Essas do exemplo são faces da famosa psicologia “resolve-pepino”, que tanto recebe e com tanto gosto acolhe demandas para resolução de abacaxis, batatas-quentes, qüiproquós, situações-problema. Uma psicologia – o leitor já deve ter percebido – atrelada à moral (FUGANTI, 2008), visto que empenhada em seguir padrões, julgar, prescrever, adaptar, ajustar, apaziguar, pacificar, harmonizar, conciliar, consertar, corrigir aquilo que incomoda, desassossega, destoa, desorganiza, revoluciona, revolta(-se), utilizando-se para tanto de vias igualmente normatizadas e artifícios devidamente legitimados. Ela já não está restrita a uma linha, a uma corrente teórica: diversos autores, através de sortidos conceitos e aparelhos metodológicos, investem nessa direção. Tampouco se resume a livros técnicos, à fala e à ação de psicólogos: espraia-se no que se diz sobre ela, no que se espera dela, no que se sente frente a ela. É a mais conhecida, mais repetida e, portanto, fabricante do senso-comum (ou fabricada pelo mesmo?). Sabe-se que é a mais conhecida simplesmente porque ela nos chega através dos mesmos meios pelos quais ela se tornou celebridade: está na fala da profissional que dá seu parecer na polêmica reportagem do jornal televisivo da noite de domingo da Rede Globo[1]; está em conversas de elevador (“Soube que você é psicóloga, não é? Eu estou com um problema, sabe...”); está em piadas de mesa de bar (“Cuidado com o que diz, ele é psicólogo!”); está em cantadas (“Você está me analisando agora?”); está em expressões das mais populares (“Freud explica!”). E, bem, clichês à parte, um sem-número de profissionais constantemente é capturado nessa mesma lógica ortopédica, reproduzindo-a[2]. Todos nós, aliás, somos cotidianamente fisgados por tal maneira de pensar e agir, visto que se trata do prolongamento de um modus operandi (e vivendi) que reina no mundo atual, conforme veremos mais adiante. Já podemos dizer desse tipo de práticas psi que é uma idéia de psicologia que se cristalizou. Tornou-se psicologia enquanto disciplina, objeto, psicologia enquanto coisa, como já vimos que é o que diria Paul Veyne (1982). Acostumou-se com o que se tornou.

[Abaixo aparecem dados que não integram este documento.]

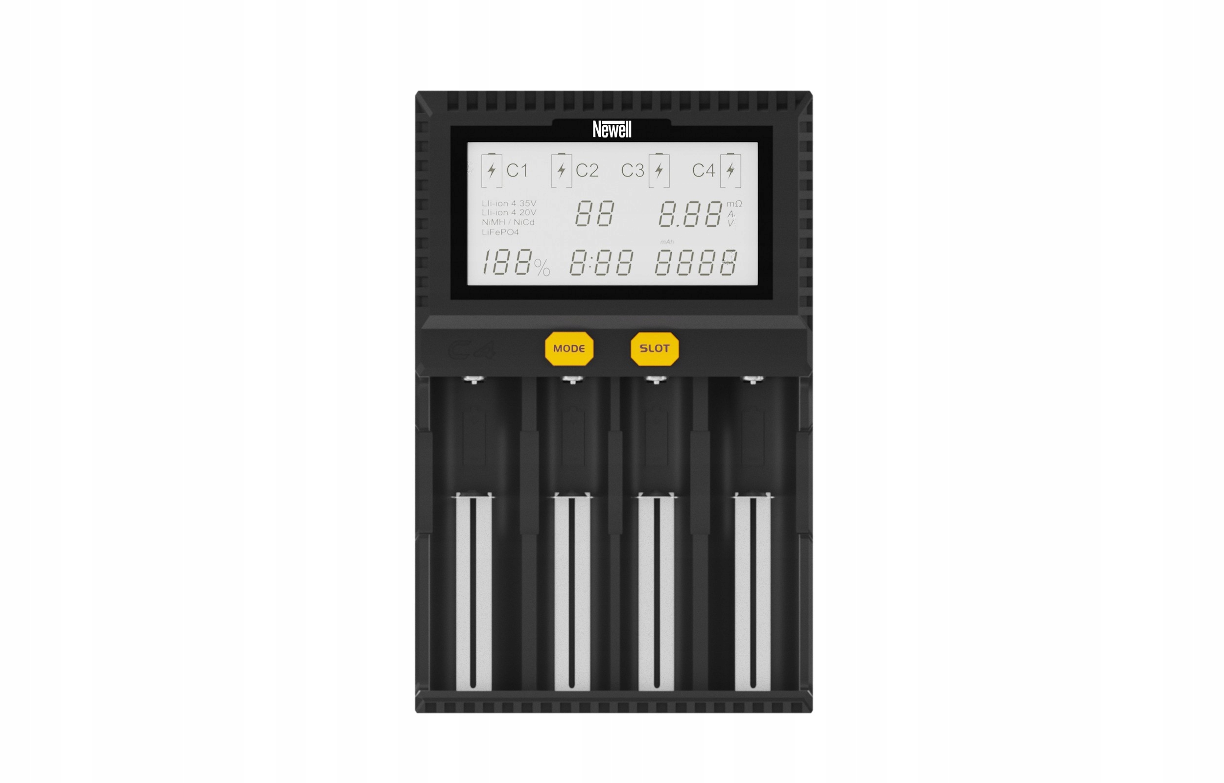 Newell C4 Supra — универсальное зарядное устройство, совместимое с большинством цилиндрических аккумуляторов, имеющихся в продаже. На ЖК-дисплее отображается напряжение, ток, время зарядки, внутреннее сопротивление и процент заряда элемента – все это позволяет легко определять параметры и состояние процесса. Специально разработанный корпус позволяет одновременно заряжать даже самые большие аккумуляторы (типа С или 22650) по всем четырем каналам одновременно.
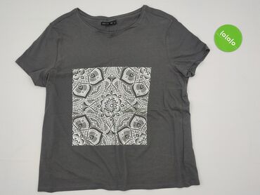 T-shirt damski MOHITO Collection, rozmiar XS. - Kolor: jasnoszary melanż - Krój: klasyczny, z krótkim rękawem i okrągłym dekoltem - Przód zdobiony aplikacją z perełkowymi koralikami układającymi si...
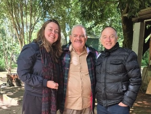 Zé Victor Castiel (centro) ao lado dos produtores Paola Mallmann e Beto Rodrigues, que produziu O Tempo e O Vento.

Ora, tratemos de desacostumar a psicologia enquanto saber coeso. Vamos torcê-la, pervertê-la, tal qual o poeta pantaneiro Manoel de Barros faz com as palavras em suas poesias:

Há quem receite a palavra ao ponto de osso, de oco;

ao ponto de ninguém e de nuvem.

Sou mais a palavra com febre, decaída, fodida, na sarjeta.

Sou mais a palavra ao ponto de entulho.

Amo arrastar algumas no caco de vidro, envergá-las pro chão, corrompê-las

Até que padeçam de mim e me sujem de branco.

Sonho exercer com elas o ofício de criado:

usá-las como quem usa brincos (BARROS, 2002, p. 19).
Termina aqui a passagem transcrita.